Gearing up to revive its annuity sales through banks, Lincoln National Life Insurance Co. has hired a marketing officer from an insurer that customizes annuities in joint ventures with banks.

"This is a new position, one which more tightly ties product development and marketplace distribution," said Lorry J. Stensrud, chief executive officer of the Fort Wayne, Ind., company's Lincoln Annuities unit. "Our goal is to demonstrate a more coordinated approach to marketing and product distribution. We must be aggressive in showing clear strategies and solutions to our brokers and product partners."

The marketing officer, William Boscow, "is very experienced with building these key relationships," Mr. Stensrud said.

Mr. Boscow was senior vice president and managing director for Cova Financial Services Life Insurance Co. in Oakbrook Terrace, Ill., and had been with that company since 1997.

Ken Kehrer, president of Kenneth Kehrer Associates in Princeton, N.J., said Cova had about $10 million in annuity sales through banks in the second quarter. Cova was a unit of General American Life Insurance Co. of St. Louis, which was forced to sell the division to Met Life Inc.

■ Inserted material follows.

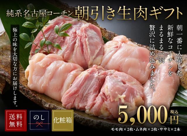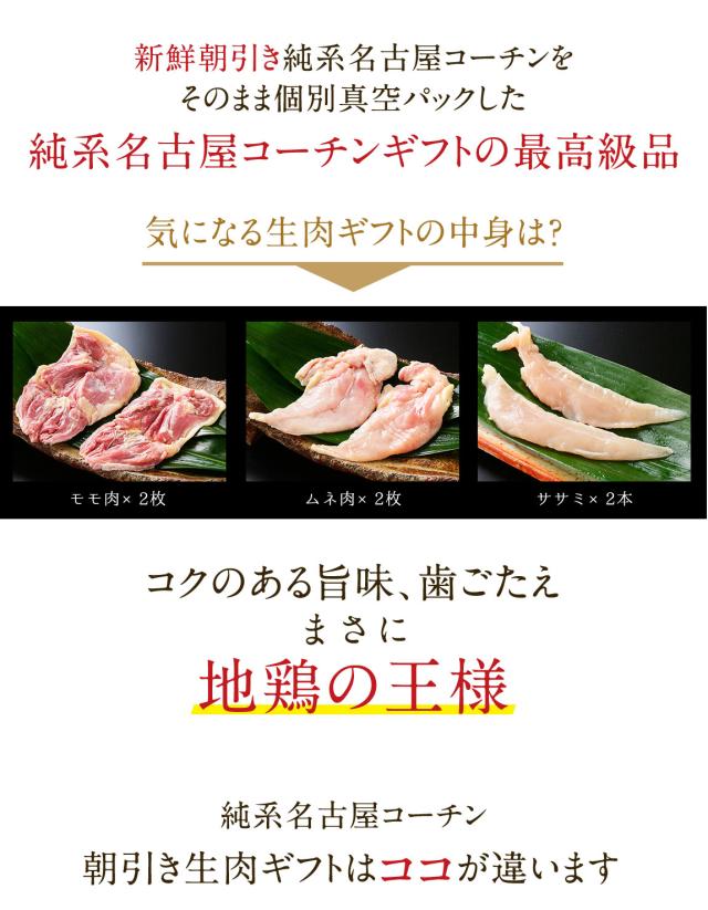お年賀 寒中お見舞い 純系 名古屋コーチン 朝引き 1羽セット 生肉 ギフト ( モモ 2枚 / ムネ 2枚 / ササミ 2本 ) 各2枚 化粧箱入り 真空パック お肉 お取り寄せ グルメ 国産 高級 地鶏 鶏肉 冷蔵 冷凍 誕生日 お祝い 結婚 出産 内祝い お礼

General American had funding problems and had been placed under the protection of the Missouri Department of Insurance.

Lincoln could take a page out of Cova's book by pursuing joint ventures with banks, Mr. Kehrer said.

"Many of the most successful insurance companies in selling annuities through banks do this," he said. "The Hartford, American General, and AEGON all do this. Lincoln hasn't done it, and I can't see why they wouldn't try."

By joint venture, Mr. Kehrer means designing an annuity for a specific bank and including some of the bank's mutual fund portfolios as investment options.

Lincoln was among the top distributors of fixed annuities through banks in the early 1990s, Mr. Kehrer said, but most of those sales were through third parties.

"When third-party marketing fell out of favor with banks, Lincoln went down with them," he said.

Lincoln placed 15th in the second quarter among insurance companies selling fixed annuities through banks - $47 million, down 15% from the first quarter, Mr. Kehrer said.

Michael White, president of Michael White Associates in Radnor, Pa., said it is likely Lincoln will also market through independent broker-dealers, regional wire houses and specialty brokers. "They've gone through some changes to take more of a distribution focus, and that includes hitting several distribution channels," he said.

Joint ventures between banks and insurers for annuity sales can be beneficial for both parties. About 90% of American General Financial Corp.'s sales of fixed annuities through banks, for example, come from products designed specifically for banks.

Creating an annuity product specifically for banks "could take a while" for Lincoln, Mr. Kehrer said. "As the insurance company, sometimes it takes years to get the bank to agree to choose you."